The big debate: Hackney, a place for everyone?
“How do we continue to improve Hackney but make sure it works for everyone?”
That was the key question and focus of a thought-provoking debate on Wednesday night that took in a welter of heavyweight topics including housing, gentrification, young people and crime.
The Question Time style discussion, called Hackney: A Place for Everyone?, in City Academy, Homerton, on Wednesday night, marked the beginning of a year-long process by Hackney Council to talk and listen to thousands of residents about the way the borough is changing.
Nine key questions from residents and school children were put before the panel of experts, who all live, work or grew up in the borough, including: Hackney Mayor Jules Pipe; Dr Melissa Butcher, Birkbeck academic; Tunde Okewale award-winning barrister; Robbie de Santos, Senior Public Policy Advocate at StepChange Debt Charity; and Dr Cheryl Day, Headteacher at Clapton Girls' Academy. The debate was chaired by Dave Hill, Guardian columnist and blogger.
Ensuring people from different backgrounds are able to regularly “hang out” together in the same spaces is key to creating a healthy community according to the panellists.
Mr de Santos said a mix of businesses on the high streets was crucial. “Chain restaurants, pizzerias, Turkish restaurants - they all tend to attract a broad range in Hackney,” he told the audience of nearly 200. “We need to resist businesses and restaurants that are polarising.”
“In Broadway Market there is still the mix of the greasy spoon and the upmarket café but that’s changing,” added Dr Butcher. “If the retail changes, that instantly changes who accesses that space.”
Dr Day urged communities to learn from the borough’s schoolchildren who “celebrate in their diversity,” adding, “it’s about having lots for everybody.”
However, Hackney is already becoming increasingly divided with a rapidly “missing middle”, according to Mr de Santos - those not rich enough to afford private housing but who do not qualify for social housing.
He backed shared-ownership schemes – “for city-makers, like teachers”, adding he would like to see a 50/50 split of social and intermediary house-building by the Council.

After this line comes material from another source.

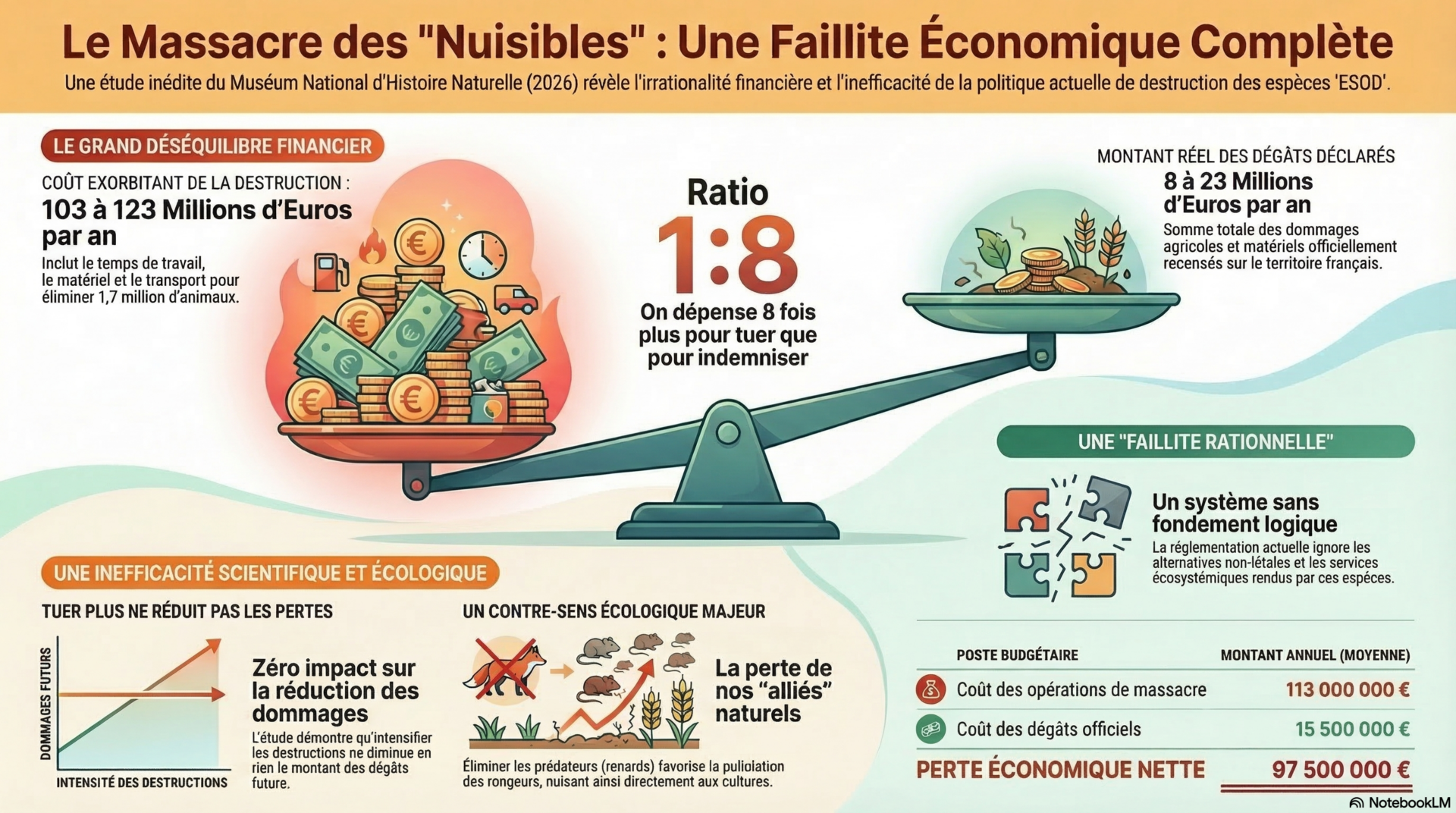 Aujourd’hui, une étude inédite du Muséum national d’Histoire naturelle (MNHN), publiée le 9 mars 2026 dans la revue Biological Conservation, vient enfin nous donner raison en démontrant scientifiquement l’inefficacité totale et l’aberration économique de cette politique de destruction, mais qu’elle aussi éthiquement injustifiable.

Ending the right to buy council homes, significantly reducing the cost of what is misleadingly termed “affordable” housing, and preventing other councils from parachuting their homeless into Hackney properties formed Mayor’s Pipe’s wish list on how Hackney’s housing issues could be more easily tackled.
The ongoing changes in the borough have seen those from lower incomes feeling “displaced”, “marginalised”, and “alienated”, according to various members of the panel.
“There’s a growing sense of unease, people can’t see futures for themselves here,” a member of the audience told the panellists.
Mr Hill said in the weeks following the 2011 riots, a recurring theme from some residents was “this borough is getting posher but it’s not done us any good”.
“There is a link between security, crime and gentrification,” Dr Butcher said. “People would talk about feeling safer, because, in their words, there were more young white professionals but the presence of that demographic is making them feel less secure in other ways, in terms of their place in Hackney and displacement.”
Tensions arise because of “misperceptions”, she added, urging the Council and the community to think about ways of breaking down barriers.
Mayor Pipe said the Council was continuously searching for ways to bring people together.
“Events like Play Streets get people out and create shared spaces,” said Mayor Pipe, adding: “It’s about keeping our schools places where people from across our diverse community want to send their children.”
“I think the crucial point is dialogue,” said Mr Okewale, “and giving people an opportunity to express themselves and make them feel they can be a part of a changing community.”
Hackney’s ongoing transformation has gone hand-in-hand with a fall in crime, with the borough seeing 11,000 fewer crimes now than a decade ago, including a significant drop in gang violence.
The benefits are being enjoyed by most, however, the borough remains a dangerous place for some young men, said Mayor Pipe.
The most important thing for me is that cohort of young men for whom this borough is not a safe place. It’s young black men who are most likely to be the victim of crime and we should concentrate on them as much as the perpetrators.
This issue, said Mr Okewale, extended beyond Hackney: “There’s a problem with young men unable to communicate effectively and resorting to violence,” he said, with the riots a manifestation of discontent nationally.
“We should listen to young people a bit more,” Year 12 City Academy student Kenni Adegbola told the panel. “They do have a voice and a lot of us have something good to say.”
And what for the future generations of the borough? Helping young people get a foot in the door of the borough’s boom industries, particularly the creative businesses clustered around Tech City, is key, the panel agreed.
“School is a very important part of this,” said Dr Butcher, “arranging face-to-face meetings between entrepreneurs and young people. Developing channels to connect with Tech City.”
But the gap between the way people dress, what they talk about and their cultural references can be a “stumbling block”, she said. “It’s not just about training young people but training some of the people in Tech City to be more open.”
“It’s absolutely the place of the Council to bring together these businesses and young people,” added Mayor Pipe. “We’re instilling from primary age that these jobs are as much for you as they are than anyone else, even more so, because it’s in your borough.